◆ **Problem**:
In duplicating the lines below, keep every word unchanged and drop the pictures.

◆ **Provided material**:
· · ·

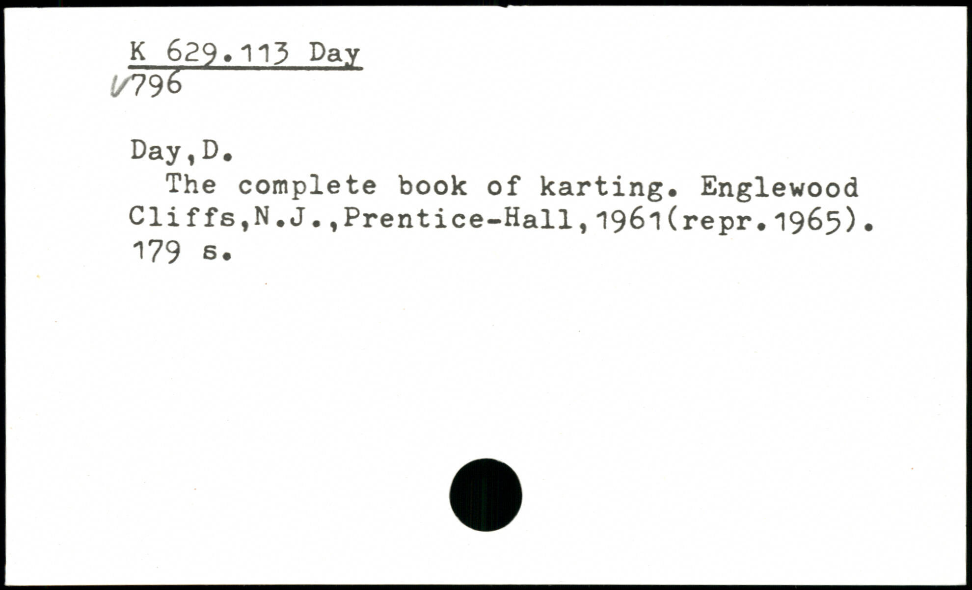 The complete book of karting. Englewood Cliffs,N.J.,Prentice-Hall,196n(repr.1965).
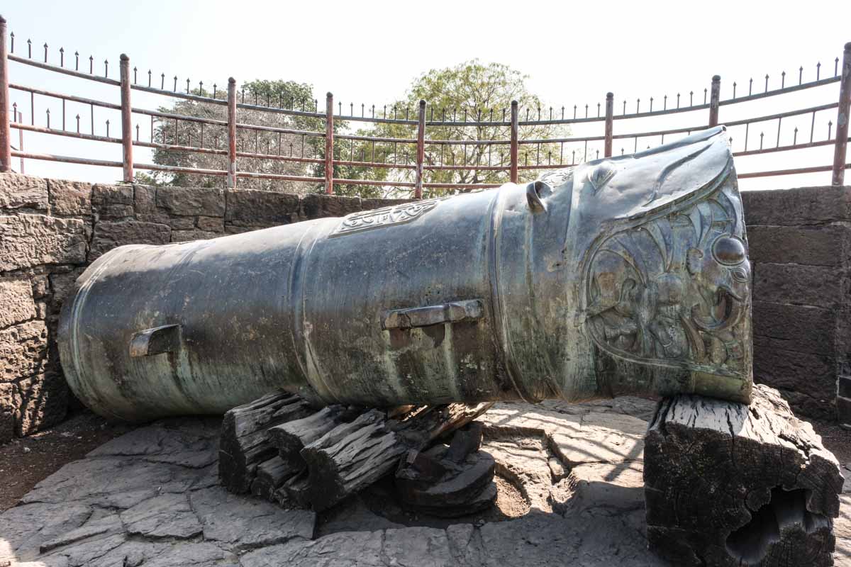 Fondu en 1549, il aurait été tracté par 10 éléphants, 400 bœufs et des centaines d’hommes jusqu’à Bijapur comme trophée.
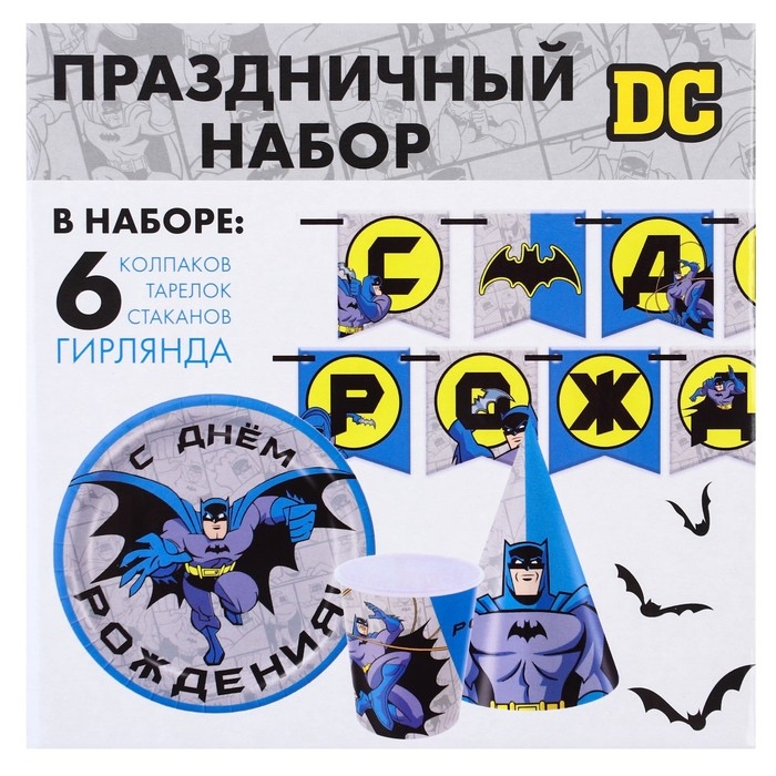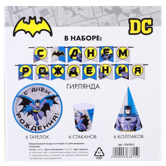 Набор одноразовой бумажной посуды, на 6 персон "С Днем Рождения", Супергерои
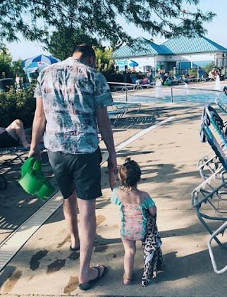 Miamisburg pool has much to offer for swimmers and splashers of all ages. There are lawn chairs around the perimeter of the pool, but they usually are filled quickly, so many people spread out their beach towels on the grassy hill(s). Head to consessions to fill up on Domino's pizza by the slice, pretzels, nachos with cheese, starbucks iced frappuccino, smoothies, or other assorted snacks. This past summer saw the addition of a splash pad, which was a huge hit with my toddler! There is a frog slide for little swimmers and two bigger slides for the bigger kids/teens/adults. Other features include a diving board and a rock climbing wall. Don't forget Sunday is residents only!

· · ·

◆ **Response**:
 The complete book of karting. Englewood Cliffs,N.J.,Prentice-Hall,196n(repr.1965).
 Fondu en 1549, il aurait été tracté par 10 éléphants, 400 bœufs et des centaines d’hommes jusqu’à Bijapur comme trophée.
 Набор одноразовой бумажной посуды, на 6 персон "С Днем Рождения", Супергерои
 Miamisburg pool has much to offer for swimmers and splashers of all ages. There are lawn chairs around the perimeter of the pool, but they usually are filled quickly, so many people spread out their beach towels on the grassy hill(s). Head to consessions to fill up on Domino's pizza by the slice, pretzels, nachos with cheese, starbucks iced frappuccino, smoothies, or other assorted snacks. This past summer saw the addition of a splash pad, which was a huge hit with my toddler! There is a frog slide for little swimmers and two bigger slides for the bigger kids/teens/adults. Other features include a diving board and a rock climbing wall. Don't forget Sunday is residents only!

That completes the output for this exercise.